Do you have speaker wire connections on the back of your sub? Or just the single RCA plug? If its annoying you that much, it sounds like it could be defective a little. Usually when you notice it, its not too big of a deal. Sounds like yours may be louder then normal.


----------



## Guitar1969 (Oct 19, 2006)

phat78boy said:


> Do you have speaker wire connections on the back of your sub? Or just the single RCA plug? If its annoying you that much, it sounds like it could be defective a little. Usually when you notice it, its not too big of a deal. Sounds like yours may be louder then normal.


My sub has speaker connections, but my AV receiver doesn't for the sub, - just the RCA connections(And 4 of them at that so you can hook up 4 subwoofers - I know its ridiculous). I am going to see if turning dow nthe crossover freq will help, as I would assume the sound would be less pronounced then.


----------



## phat78boy (Sep 12, 2007)

I understand. Let us know if the reducing the freq works.


----------



## whatchel1 (Jan 11, 2006)

Guitar1969 said:


> My sub has speaker connections, but my AV receiver doesn't for the sub, - just the RCA connections(And 4 of them at that so you can hook up 4 subwoofers - I know its ridiculous). I am going to see if turning dow nthe crossover freq will help, as I would assume the sound would be less pronounced then.
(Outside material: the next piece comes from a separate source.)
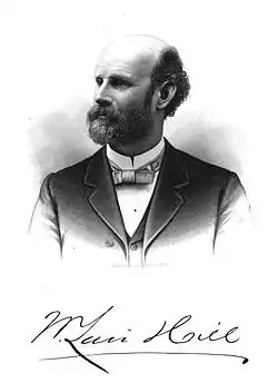 William Hill was born on August 20, 1838, to Reuben Coleman and Margaret Graham (née Lair) Hill in Tennessee.[3] His father was a doctor and Baptist preacher at their home along the Tennessee River in the southwestern portion of the state.[4] The home in McNairy County was near the site of the 1862 Battle of Shiloh.[5] In 1853, he moved to the Oregon Territory with his parents, with the family settling in Benton County in the Willamette Valley.[3]

Give the model # of the sub & the receiver. Changing the crossover freq will not change the characteristics of the sub amp combo. What JBL will do is set it either stay on all the time or put a passive crossover in after the amp to cut off the hig freqs generated by the amp when it turns on. Changing the crossover will not do this since it is being generated by the turn on of the amp. The crossover the is built in before the amp and will notstop a high frequency noise transit produced by the amp.


----------



## Moridin (Mar 22, 2005)

Rob Glasser said:


> On a similar note I've noticed that ever since I got my new Pioneer TV that whenever I turn off my system (Dish 722, AVR, and TV, I get this low rumbling sound out of my sub that dwindles down to nothing over a few seconds. Really annoying. I never had this before I switched out my old Pioneer Plasma to a new Kuro model a few weeks ago. It's like some residual signal is being sent to the sub during the power off.
> 
> Anyone else seen this? Have any ideas?


If both your sub and your AVR have 12V trigger connections, that would definitely solve the problem.


----------



## Grandude (Oct 21, 2004)

Guitar1969 said:


> One thing is my new Sony 910 AV receiver had me set the crossover Freq to max on the Sub(And then it does the auto calibration) - I may try to turn down the crossover Freq to maybe minimize the Chirp. Question, can anyone recommed where to set the Subs Crossover Freq on a sub - My fronts and rears are set to large so some of the bass is being handled by them - not sure if large is the best setting for them - their Bose 2 front satellites paired with their bass box so they handle bass pretty well, and then 2 rear bookshelf Bose speakers that handle bass pretty good.
> Any ideas or recommendations are appreciated.


When setting up my AV receiver with a subwoofer the instructions were to select small for the front and rear speakers. I don't expect that this would make any difference but certainly worth trying to see what happens.


----------



## BatStang2000 (Sep 6, 2007)

I have had this same model subwoofer for over a year now. The "chirp" has always been there. Guess I just got used to it.


----------



## cdub998 (Aug 16, 2006)

Guitar1969 said:


> Its a JBL 12" 250Watt E250P. I contacted JBL and this is the answer - sounds right on:
> 
> "Good afternoon and thank you for your inquiry. A slight chirp or pop
> is
> ...


If you get the pop from it waking up a lot try raising the sub output on your avr and lowring the gain on your sub so the level is the same. With more output from the AVR your sub is more likely not to fall asleep while you are playing music. Hope this helps.


----------